Use of Access Tokens for API calls

[rlefever]

First let me say thank you to you and all who have assisted for your time and effort on this project. It is better that the custom inventions of the wheel that I previously used.

In trying to implement access token authentication for APIs I have some questions which I hope I can get help.

1. How to authenticate a raw_token sent as Bearer when the examples seem to show token retrieval methods called on a $user.

// Retrieve a single token by plain text token
$token = $user->getAccessToken($rawToken);

Seems like that would mean the User would have to send credentials each time before the token lookup. If that is the case, what is the use of the access token? I have extended the UserModel but I do not see the hasAccessToken trait being used and therefor do not understand how to call it's methods. Please explain the process and code flow in more detail.

2. The docs state that if you lose the raw_token it cannot be retrieved and the token would have to be revoked and another issued. Problem comes in that the raw_token string is required as input to revokeAccessToken(). Therefore, If you don't have the raw_token, you cannot revoke the acccess token. Am I understanding this correctly? It seems the method simply deletes the record so I used used delete($id) instead.

Thanks again,

[kenjis]

How to authenticate a raw_token sent as Bearer

See TokenAuth filter:

shield/src/Filters/TokenAuth.php

Line 35 in b7b6720

public function before(RequestInterface $request, $arguments = null)

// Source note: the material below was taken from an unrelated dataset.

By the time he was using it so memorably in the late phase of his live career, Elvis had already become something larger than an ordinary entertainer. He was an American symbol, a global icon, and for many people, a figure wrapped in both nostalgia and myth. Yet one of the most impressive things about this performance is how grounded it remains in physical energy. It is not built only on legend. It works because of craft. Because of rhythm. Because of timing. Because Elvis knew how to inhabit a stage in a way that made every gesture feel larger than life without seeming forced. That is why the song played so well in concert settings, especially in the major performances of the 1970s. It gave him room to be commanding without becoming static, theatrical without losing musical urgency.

Seems like that would mean the User would have to send credentials each time before the token lookup.

The access token is the credential.

The docs state that if you lose the raw_token it cannot be retrieved and the token would have to be revoked and another issued.

Where is the docs?

[rlefever]

Thanks for the quick reply.

Is that filter in place or do I need to update the Config\Filters? I did not see it so I was trying to create my own.

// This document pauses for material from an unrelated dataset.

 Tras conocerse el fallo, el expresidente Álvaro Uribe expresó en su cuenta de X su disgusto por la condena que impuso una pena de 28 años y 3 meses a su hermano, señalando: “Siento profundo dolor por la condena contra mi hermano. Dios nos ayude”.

Authentication -> Generating Access Token states 'The plain text version should be displayed to the user immediately so they can copy it for their use. If a user loses it, they cannot see the raw version anymore, but they can generate a new token to use.'

[kenjis]

If you want to use the filter, you must set in your Config\Filters.
See

• https://github.com/codeigniter4/shield/blob/develop/docs/install.md#controller-filters
• https://codeigniter4.github.io/CodeIgniter4/incoming/filters.html#configuring-filters

[kenjis]

Problem comes in that the raw_token string is required as input to revokeAccessToken(). Therefore, If you don't have the raw_token, you cannot revoke the acccess token. Am I understanding this correctly?

It seems you are confusing a user's view and a developer's view.
If a user lost the token, yes, they don't know it.
But a developer can get any tokens from the database.

By the way what do you want to do?

[rlefever]

I was creating the site admin and user interface. So from an interface point of view where you don't have the raw token to work with I could not revoke. Since the token cannot be updated, I wanted the user to be able to create a new token with different scope and revoke the old token. I also wanted an admin to be able to revoke or even script revoking when a subscriber cancels or doesn't pay.

Would you be so kind as to explain what the force_reset and status/status_message fields are used for?

Given the fields for login as username or email, can either be used or is it just the first in the list?

Also, when is the expires field populated? From the docs it sounds like it would be constantly updated to be a YEAR (used in docs) from the last_used_at date.

[kenjis]

Would you be so kind as to explain what the force_reset and status/status_message fields are used for?

It seems not used now.

[kenjis]

So from an interface point of view where you don't have the raw token to work with I could not revoke.

You can get all tokens with $user->accessTokens():
https://github.com/codeigniter4/shield/blob/develop/docs/authentication.md#retrieving-access-tokens

The raw token should not be displayed, but we (dev) can know it.
So you can create the interface to revoke the specific token without displaying the raw token.